Комната, которая именовалась залом заседаний, была переполнена. Сквозь щель в дверях, обклеенных объявлениями и предписаниями, я увидела судью, сидевшую в претенциозно-высоком кресле. Ей было лет тридцать, и на лице ее не было величия человека, решающего судьбы других. Склонившись над своим торжественным столом, как школьница над партой, она смотрела на длинного, худого, словно выдавленного из тюбика, мужчину, стоявшего ко мне спиной, с детским недоумением и даже испугом… Хотя для меня она сама была человеком с пугающей должностью.
Народных заседателей сквозь узкую щель не было видно. Неожиданно дверь распахнулась, и в коридор вывалилась молодая, дебелая женщина с таким воспаленным лицом, будто она была главной героиней всего происходившего в зале. Женщина, ударив меня дверью, не заметила этого. Мелко дрожащими пальцами она вытащила сигарету, поломала несколько спичек, но наконец закурила, плотно закупорив собой вновь образовавшуюся щель. Она дымила в коридор, а ухом и глазом, как магнитами, притягивала к себе все, что происходило за дверью.
– Кого там судят? – спросила я.
Женщина мне не ответила.
– Мама, поймите, я хочу, чтобы все было по закону, по справедливости, – донесся из зала сквозь щель слишком громкий, не веривший самому себе голос мужчины, выдавленного из тюбика.
Возникла пауза: наверное, что-то сказала судья. Или мама, которую он называл на «вы».
– Что там? – вновь обратилась я к женщине с воспаленным лицом.
Она опять меня не услышала.
На улице угасающее лето никак не хотело выглядеть осенью, будто человек пенсионного возраста, не желающий уходить на «заслуженный отдых» и из последних сил молодящийся.
В любимых мною романах прошлого века матерей часто называли на «вы»: «Вы, маменька…» В этом не было ничего противоестественного: у каждого времени своя мода на платья, прически и манеры общения. В деревнях, я знала, матерей называют так и поныне: там трудней расстаются с обычаями. Но в городе это «вы» всегда казалось мне несовместимостью с веком, отчужденностью, выдававшей себя за почтительность и деликатность.
«По закону, по справедливости…» – похожие слова я слышала совсем недавно из других уст. Их чаще всего, я заметила, употребляют тогда, когда хотят встать поперек справедливости: если все нормально, зачем об этом кричать? Мы же не восторгаемся тем, что в наших жилах течет кровь, а в груди бьется сердце. Вот если оно начнет давать перебои…

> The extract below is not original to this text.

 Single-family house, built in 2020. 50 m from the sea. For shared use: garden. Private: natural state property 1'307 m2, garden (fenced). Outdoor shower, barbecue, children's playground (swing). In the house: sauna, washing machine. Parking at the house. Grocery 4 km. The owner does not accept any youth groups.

На улице как-то неуверенно, не всерьез, но все же заморосил дождь. Я вернулась в коридор и опять подошла к женщине, превратившейся, казалось, в некий звукозаписывающий аппарат.

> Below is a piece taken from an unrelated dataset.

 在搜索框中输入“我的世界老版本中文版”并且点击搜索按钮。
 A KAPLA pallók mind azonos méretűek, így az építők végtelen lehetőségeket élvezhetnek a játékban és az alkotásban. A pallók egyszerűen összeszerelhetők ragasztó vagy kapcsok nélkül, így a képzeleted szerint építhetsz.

– Перерыв скоро будет, не знаете? – спросила я, поскольку в коридоре, кроме нее, никого не было.
Она оторвалась от щели и шепотом крикнула мне: «Не мешайте!» – словно присутствовала на концерте великого пианиста и боялась упустить хоть одну ноту, хоть один такт.
«Наверняка должен скоро быть, – решила я. – И можно будет поговорить, посоветоваться…»

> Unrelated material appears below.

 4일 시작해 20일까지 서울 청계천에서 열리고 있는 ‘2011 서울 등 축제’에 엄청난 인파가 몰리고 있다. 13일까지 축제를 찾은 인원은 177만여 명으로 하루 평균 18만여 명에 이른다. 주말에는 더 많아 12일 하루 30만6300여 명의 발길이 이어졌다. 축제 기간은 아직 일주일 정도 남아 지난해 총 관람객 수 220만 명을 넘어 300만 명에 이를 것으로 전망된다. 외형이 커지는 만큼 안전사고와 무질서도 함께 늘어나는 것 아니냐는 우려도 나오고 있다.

Всю ночь я репетировала свой разговор с судьей. Придумывала фразы, которые, я надеялась, услышав от меня, она запомнит и повторит во время судебного разбирательства.
Но беседа оттягивалась, и я, подобно студентке перед экзаменационной дверью, стала вновь как бы заучивать факты, аргументы и даты. Они незаметно вытянулись в ленту воспоминаний – не только моих собственных, но и чужих, которые при мне повторялись так часто, что тоже стали моими.
Я знала, что прежде существовали «родовые поместья», «родовые устои», «родовая знать»…
А у меня была родовая травма. Врач-акушер на миг растерялась, замешкалась. И в моей еще ни о чем не успевшей поразмышлять голове произошло кровоизлияние, но, как сказал, утешая маму, один из лечивших меня врачей, «ограниченного характера». Характер был «ограниченный», а ненормальность охватила весь мой организм и стала всеобщей. Собственных впечатлений о том первом дне жизни у меня, к сожалению, не сохранилось. Но история моей болезни вошла в историю: не потому, что я заболела, а потому, что в конце концов вылечилась. Это был уникальный случай. И мой младенческий кретинизм даже попал в учебники. Прославиться можно разными способами!
Я благоговела перед врачами. С заискивающей надеждой заглядывала им в глаза… Но не раз думала и о том, что вот так, от одного неловкого движения акушерки зависит вся человеческая жизнь: Моцарт не станет Моцартом, а Суриков или Поленов не смогут держать кисть в руке, не подчиняющейся рассудку. Да и простые смертные вроде меня будут приговорены к вечным страданиям. Из-за одного неловкого движения человека, который не имеет права на такое движение, ибо еще более, чем судья, определяет будущую человеческую жизнь, а в случае минутной ошибки выносит незаслуженный приговор и всем, кто к этой жизни причастен.
В отличие от нормальных детей я не ползала и вообще не проявляла ни малейшей склонности «к перемене мест».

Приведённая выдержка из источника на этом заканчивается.